We will have to agree to disagree. 

PS: a year ago gold was at $950/oz. now it is at $1000, a mere few percent increase over 1 year.


----------



## adeel_sami

Nearly a week ago I read an article on CNBC stating the US equity markets may shed around 7%-17% in October. In the meanwhile, the Dow registered -3.4% in the past two weeks so the Nasdaq and S&P 500 with -4% ..

Does anyone know about this, please tell us more ..


----------



## Toro

Zander said:


> We will have to agree to disagree.
> 
> PS: a year ago gold was at $950/oz. now it is at $1000, a mere few percent increase over 1 year.



Disagreeing is what creates opportunity in the market and makes things interesting!  If we all agreed, nobody would make money.

Gold not being down 40% like almost all other asset classes in the most powerful deflationary environment in 75 years is why I think that the inflation will eventually overwhelm deflation.

But you might be correct.  The forces of deflation are powerful and they may overwhelm the government.  

I don't think in absolutes when investing.  I've seen too many people get hammered in the market thinking in certainties.


----------



## Toro

adeel_sami said:


> Nearly a week ago I read an article on CNBC stating the US equity markets may shed around 7%-17% in October.
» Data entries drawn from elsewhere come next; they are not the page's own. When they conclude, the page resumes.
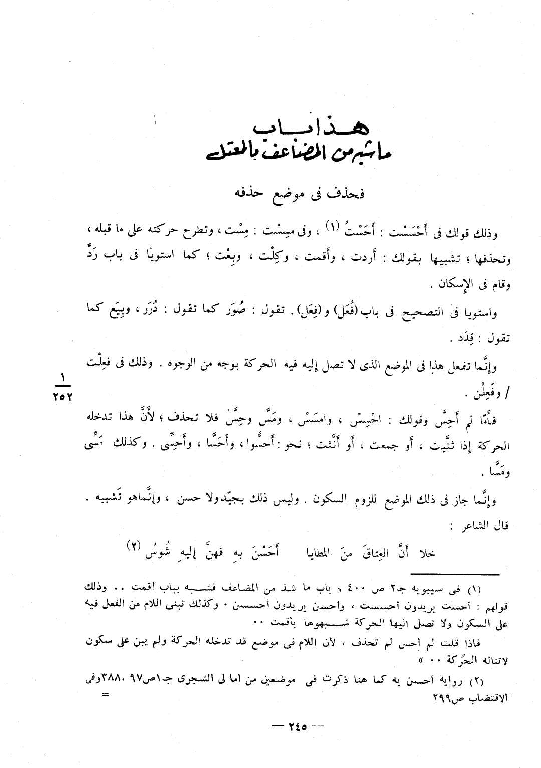 وَذَلِكَ قَوْلك فِي أَحْسَسْت أَحَسْتُ وَفِي مسِسْت مِسْت وتطرح حركته على مَا قبله وتحذفها تَشْبِيها بِقَوْلِك أَردت وأَقمت وكِلت وبِعْت كَمَا اسْتَويَا فِي بَاب رَدَّ وَقَامَ فِي الإِسكان واستويا فِي التَّصْحِيح فِي بَاب (فُعَل) و (فِعَل) تَقول صُوَر كَمَا تَقول دُرَر وبِيَع كَمَا تَقول قِدَد وإِنَّما تفعل هَذَا فِي الْموضع الَّذِي لَا تصل إِليه فِيهِ الْحَرَكَة بِوَجْه من الْوُجُوه وَذَلِكَ فِي فعِلْت / وفَعِلْن فأَمّا لم أَحِسَّ وقولك احْسِسْ وامسَسْ ومَسَّ وحِسَّ فَلَا تحذف لأَنَّ هَذَا تدخله الْحَرَكَة إِذا ثنَّيت أَو جمعت أَو أَنَّثت نَحْو أَحسُّوا وأَحَسَّا وأَحِسَّى وَكَذَلِكَ مَسِّى ومَسَّا وإِنَّما جَازَ فِي ذَلِك الْموضع للُزُوم السّكُون وَلَيْسَ ذَلِك بجيّد وَلَا حسن وإِنَّما هُوَ تَشبيه قَالَ الشَّاعِر
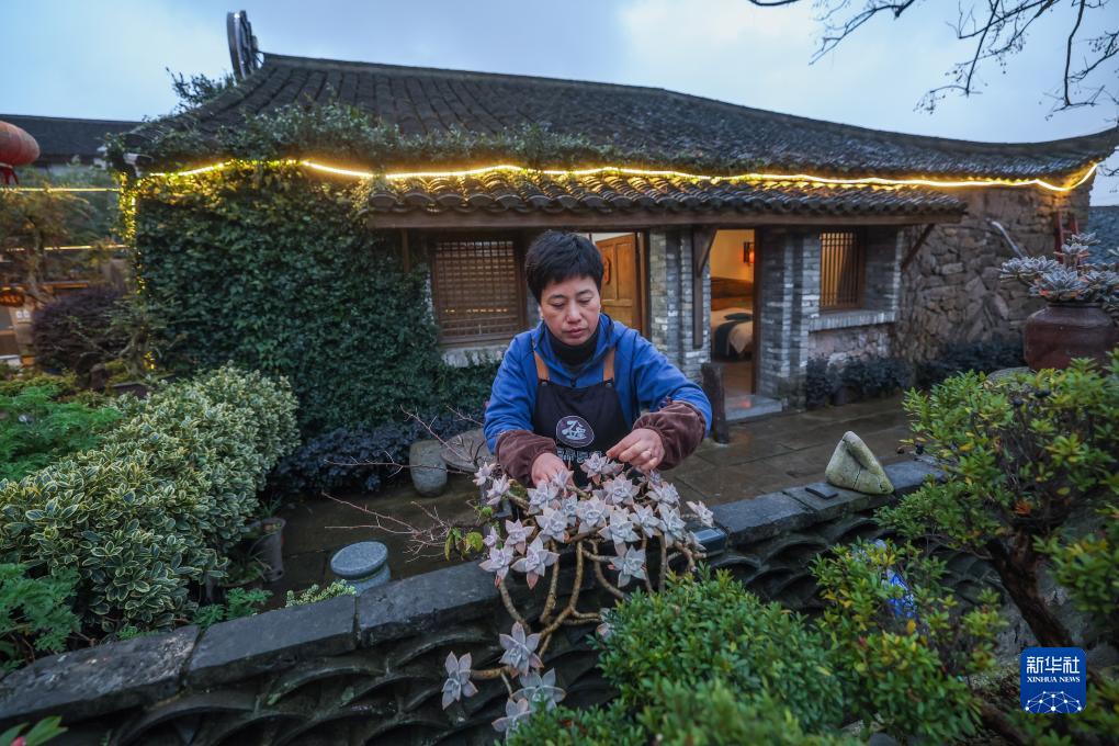 12月19日,雙合村石里民宿的民宿主張瑛在民宿院子裏整理盆景花卉。張瑛和丈夫王代明都是當地漁民,他們將老房子進行改造,成了當地的網紅民宿,吸引不少外地客人前來吃飯、住宿。
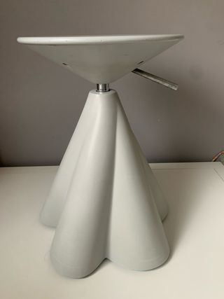 Raro e splendido sgabello design del celebre Philippe Starck per Presence Paris/Loreal. Vintage fine anni’80. È uno sgabello con seduta girevole e con ruote ed è adattabile in altezza tramite pistone a gas (perfettamente funzionante). Misura base 40x40cm. Misura seduta 33cm. Misura altezza minima 50cm. Misura altezza massima 78cm. Usato e con segni di vissuto come da foto ( da notare leggera sbeccatura nella parte inferiore della seduta) ma in condizioni accettabili. Fuori produzione. Articolo di rara reperibilità per seri amanti di complementi d’arredo di modernariato design.
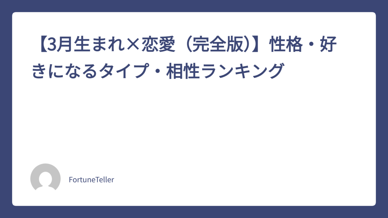 3月生まれの恋愛は、ざっくり言うと「共感(感受性)」と「理想(ロマン)」が強い一方で、タイプによっては「行動(突破力)」も濃く出ます。たとえば、3/1は「夢と直感に生きるロマンチスト」[Source]、3/18は「理想主義と行動力を兼ね備えた直感型リーダー」[Source]、3/25は「行動力と探究心を兼ね備えた“挑戦者”」[Source] のように、同じ3月でも“愛し方”が少しずつ違います。
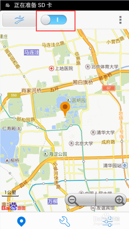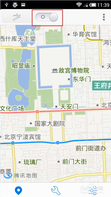 7.當你不想繼續使用神行者定位功能時,請將主界面的開關按鈕關上,坐標圖標將會隱藏,之前設置好的虛擬位置失效。
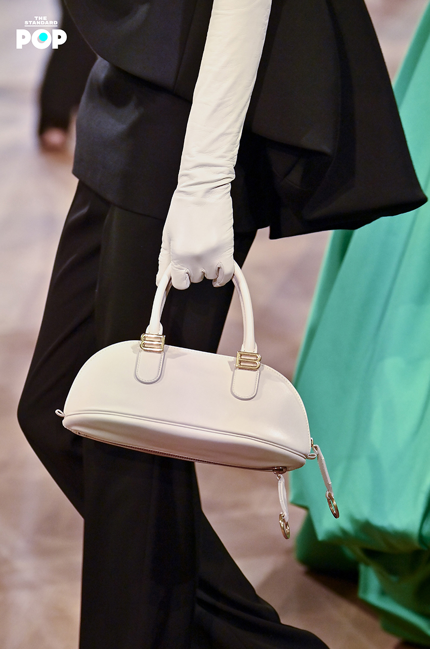 ตัวเสื้อผ้าเลยกลายเป็นส่วนผสมของซิลูเอตต์แบบดั้งเดิมจากในคลัง ไม่ว่าจะเป็นชุด Sack Dress แบบพองลมจากปี 1957 ชุดเดรสดีเทลสายเข็มขัดที่ดูโมเดิร์นขึ้น แต่ผสมความเรียบง่ายและสีสันที่คลาสสิก ส่วนอิทธิพลของ Demna จะมาในรูปแบบของแอ็กเซสซอรีที่เราเห็นทันทีก็รู้ว่าใครเคยใส่ ไม่ว่าจะเป็นแว่นตากันแดดสีดำแบบเอเลี่ยนที่ Kim Kardashian ชอบ และปิดท้ายโชว์ด้วย Pierpaolo ออกมาขอบคุณท้ายโชว์ในรองเท้าสนีกเกอร์ 3XL ส่งสัญญาณว่าแบรนด์นี้จะส่งไม้ต่อกันแบบค่อยเป็นค่อยไป แบบไม่ทิ้งผลงานเก่าของใครไว้ข้างหลัง
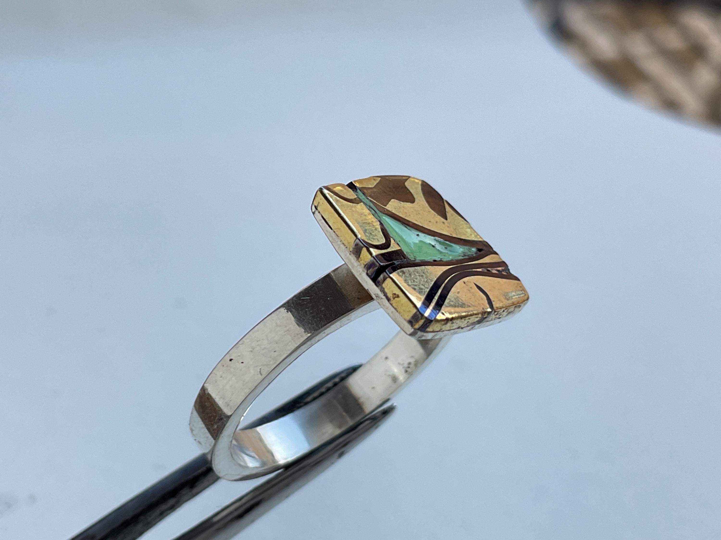 This work is made from recycled metal plus sterling silver for the parts which contact the wearer’s skin. I add a layer of clear wax to the surface of the recycled parts to slow the rate of tarnishing. You should wipe off fingerprints as soon as you see them with a soft cloth. Avoid acids, abrasives or salt, they will remove the coloured layer and react with the metal. The work will age gracefully.
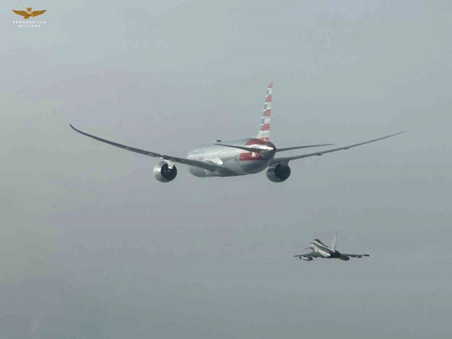 ABD’nin New York kentinden Hindistan’ın başkenti Yeni Delhi’ye giden American Airlines’a ait yolcu uçağı, bomba tehdidi nedeniyle İtalya’nın başkenti Roma’ya iniş yaptı. Uçağa İtalyan Hava Kuvvetleri’ne ait iki Eurofighter Typhoon savaş uçağı eşlik etti.

In the meanwhile, the Dow registered -3.4% in the past two weeks so the Nasdaq and S&P 500 with -4% ..
> 
> Does anyone know about this, please tell us more ..



Yes.

Most pundits are wrong.  It is a perilous investment strategy to rely on what one person says.  Instead, form your opinions based on your own research and strategy.  You will do much better over the long run.


----------



## Terral

Hi Toro:



Toro said:


> Not sure how much of this I believe of this.
> 
> Robert Reich's Blog: Why the Dow is Hitting 10,000 Even When Consumers Can't Buy And Business Cries "Socialism"



Anyone in the markets now cuckoo are playing the tables in Las Vegas. The markets have been going up, because the value of the U.S. Dollar is going down. You need 'more' dollars to buy the same stocks. :0)

[ame="http://www.youtube.com/watch?v=jN8hiIE1Dm0"]Listen to Gerald Celente[/ame]

[ame=http://www.youtube.com/watch?v=wkBRmty7fKc]Listen to Peter Schiff[/ame]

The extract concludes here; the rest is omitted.